In andere gevallen heeft zij overleg met de bisschop in wiens bisdom de kapel of de kerk ligt. In Londen praat zij daarover met bisschop Chartres. Hij staat bekend als een tegenstander van vrouwelijke priesters en zal daarom ook nimmer een vrouw voordragen voor een post binnen zijn bisdom.

Eigen weg
Het komt voor dat Elizabeth binnen haar grenzen haar eigen weg gaat bij de benoemingen voor de kapel in Windsor en bij die van bisschoppen en aartsbisschoppen.

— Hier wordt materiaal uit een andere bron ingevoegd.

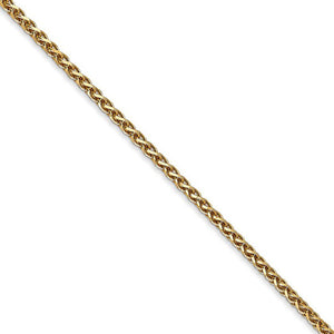This 1.8mm width, solid link spiga chain is crafted from diamond-cut 14k yellow gold and closes with a lobster clasp. 16 inches in length.

In de jaren zeventig passeerde zij de conservatieve premier Heath. Hij had voor de post van deken te Windsor iemand voorgedragen die niet bij Elizabeth in de smaak viel. Zij raadpleegde de deken die op het punt stond om met pensioen te gaan en kwam zelf met een suggestie. Heath, die over deze kwestie geen ruzie met het staatshoofd wilde, droeg toen alsnog de koninklijke goedgekeurde dr. Mann voor.

Mann heeft veel betekend voor de Britse koningin. Hij stond haar en haar familieleden in de jaren zeventig en tachtig geestelijk bij tijdens moeilijke episodes. Kort voor zijn emeritaat in 1989 zond ze hem een voor haar doen zeer persoonlijke brief. „Als ik niets anders had om u voor te danken, dan zou ik u willen bedanken voor het feit dat u Philip hebt gewonnen voor het christelijke geloof”.

Mann correspondeerde jarenlang met de prins-gemaal. De van oorsprong grieks-orthodoxe Philip kon maar moeilijk de leer van de Anglicaanse kerk tot de zijne maken. Daarnaast zette hij vraagtekens bij zaken als de schepping en de opstanding. De briefwisseling met Mann leidde ertoe dat hij de meeste zo niet al zijn twijfels overwon.